The entity turned her head to glance past him. It...she...closed her eyes, shook her head and shifted shape into the blackest thing he could have imagined. His enemy, and Rosalind’s. The kind of monster that had changed them both in the short span of one bleak night. Vampire.
She didn’t attack, or run. She raised her face to search the night sky. From her fanged mouth came an ear-shattering sound that sent her blue sparks outward, and hurt Colton’s ears.
Only peripherally aware of what was going on around them, Colton noticed that the fighting had slowed. There were less than a handful of vampires left, and all of the Weres who had ventured to stand against them remained. He saw none of the demons he knew slid through the shadows in the periphery. For some reason, they were keeping well back.
The vampires stopped fighting suddenly and without warning. Had Rosalind called them off with the awful sound she’d made?
Would they run to her, if they could? Would they run away, recognizing the hammer about to fall?
In their confused hesitation, those bloodsuckers were felled by the Weres, down to the last bloody fang. Without registering the carnage around her, Rosalind shape-shifted again. In place of the vampire hybrid stood a creature Colton had seen only once before, in his parents’ backyard. Demon.
> It felt to him as though there were only two of them in the field—he and Rosalind in her current incarnation—when in actuality they had an audience. Colton sensed the Weres warily gathering around them. Ragged and bloodstained, they were waiting to see if any other devilish creatures would turn up, and holding their breath.
Rosalind was a sight, and as scary as anything else that hell had spewed up tonight. She looked like one of the absent demonic brood, with skin that was yellow, withered and cracked. A ribbon of blood, black against the sallow face, ran down her chin. Her eyes were bloodred.
“Where are they?” Colton asked, knowing the demons had to be close. Rosalind’s effervescent sparks had turned crimson.
Everyone readied for a new onslaught, though no one actually moved.

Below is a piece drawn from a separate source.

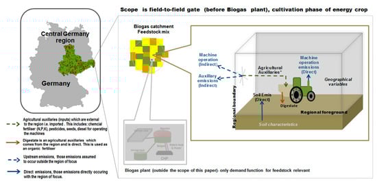 One potential solution to tackle the limitations of these previous studies has been the development of regionally contextualized life cycle concepts [] and modelling approaches [] to assess bioenergy production for an entire region. For such regional modelling, the functional unit is not an issue, as the regional cultivation of energy crops and energy generation are assessed in an integrative manner through the use of bioenergy catchments and spatial indicators. A recent study by O’Keeffe et al. [] has used the RELCA (a REgional Life Cycle inventory Assessment) approach [] to model the greenhouse gas mitigation potential of 425 biogas plants and their energy crop catchments operating in the region of Central Germany (CG). With their integrative approach, they identified the need to examine in more detail the effects of feedstock mixtures being used within biogas catchments and the locational factors which influence the cultivation emissions of energy crops and hence the GHG mitigation potential of regional biogas systems.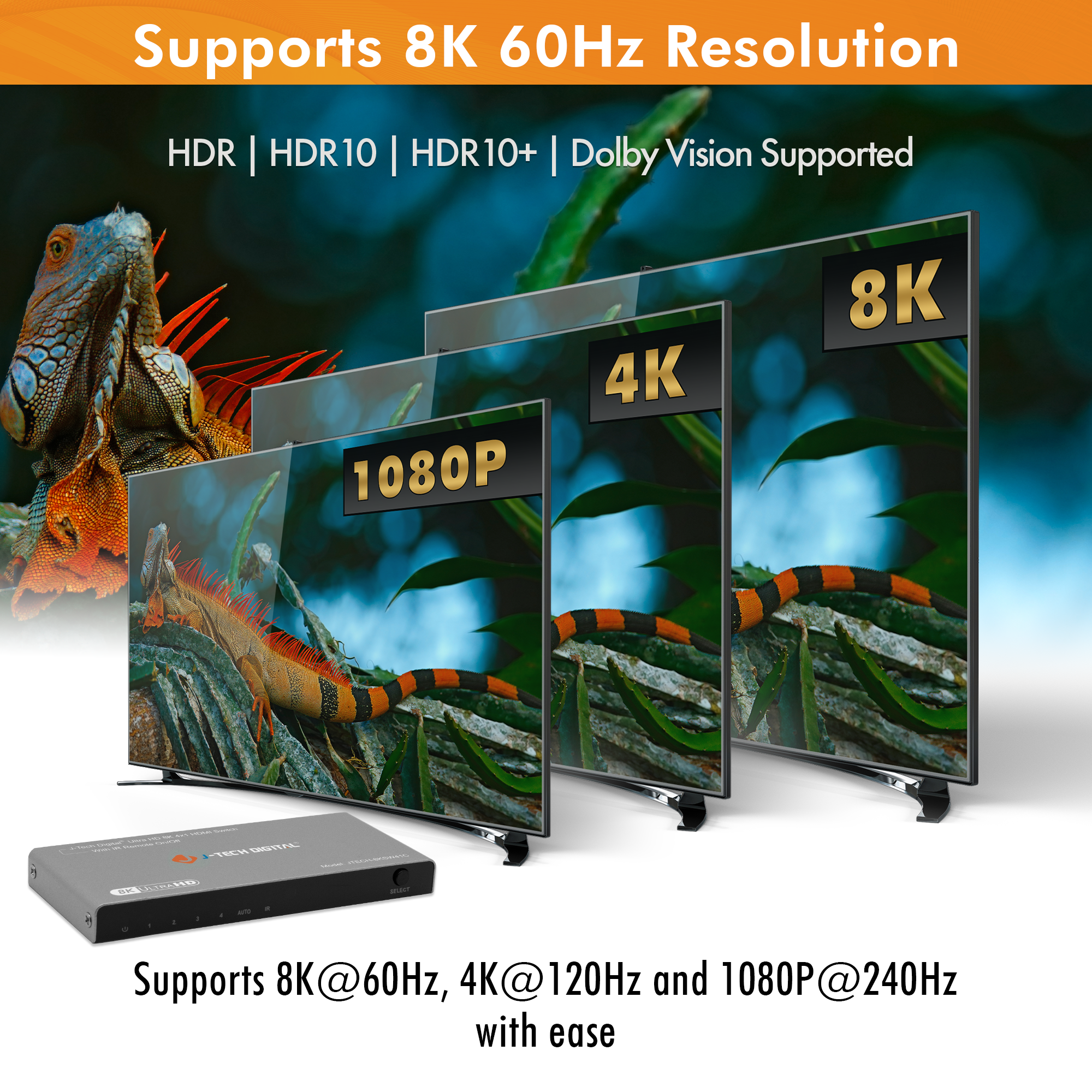 8K 60Hz 4x1 HDMI Switch with IR Remote

And then Rosalind did. She lifted an arm in a gesture that invited the demons to join her, and they obeyed, pouring in from every direction at once.
But there were only six scaly, two-legged nightmares. A meager showing. They appeared to be part human, part reptile, and several things that Colton didn’t care to think about. The ugly bastards had no eyes, and seemed to be bound together by the evil purpose they served.
The demons flocked to Rosalind like rats to the Piper, attracted by the voice, the sight of her, and her dark scent. Unable to resist such darkness, and seemingly mindless in their bedazzled state, they were extremely vulnerable. They were fools.
The Weres attacked with a force that filled the silence. Shots were fired; so many gunshots that Colton couldn’t keep count. The demons hadn’t been prepared for sabotage, when evil was their master. They had to have believed that Rosalind was one of them.
Muffled vibrations of leathery flesh being rent in the dark produced the rumble of an oncoming storm system. Colton could not watch. He had eyes for only one entity, and wanted Rosalind back.
Rosalind’s demon spirit’s eyeless gaze rose to meet his. Brilliant scarlet sparks reflected on the surface of skin that again began to morph.